━━ Supplied information

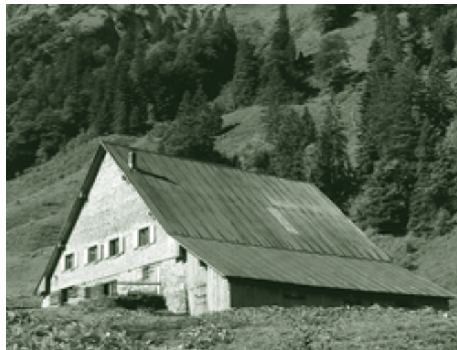
Alpe Unterfluh - um 2000
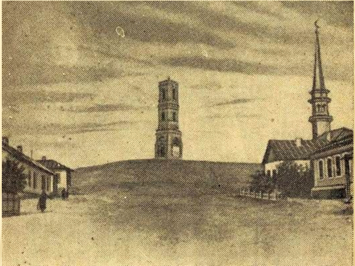
Гора Преображенская в центре города Орска. На этом месте был впервые заложен г. Оренбург в 1735 году

Умер И.К. Кирилов в Самаре 14 апреля 1737 года от туберкулеза.
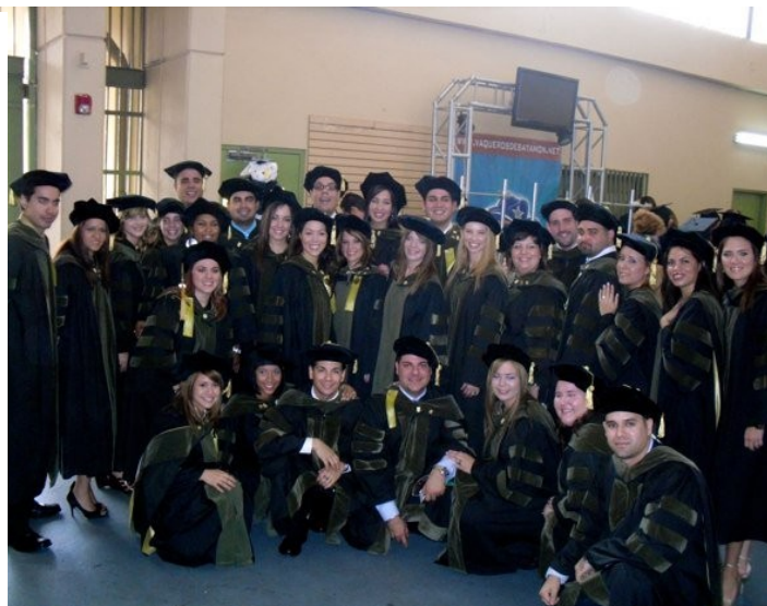
Clase Graduada 2010 en los Actos de Graduación el 4 de junio de 2010

━━━━

### Work required
Please give the data again in full, exactly as written, but without any images.

### Solution for this task
Alpe Unterfluh - um 2000
Гора Преображенская в центре города Орска. На этом месте был впервые заложен г. Оренбург в 1735 году

Умер И.К. Кирилов в Самаре 14 апреля 1737 года от туберкулеза.
Clase Graduada 2010 en los Actos de Graduación el 4 de junio de 2010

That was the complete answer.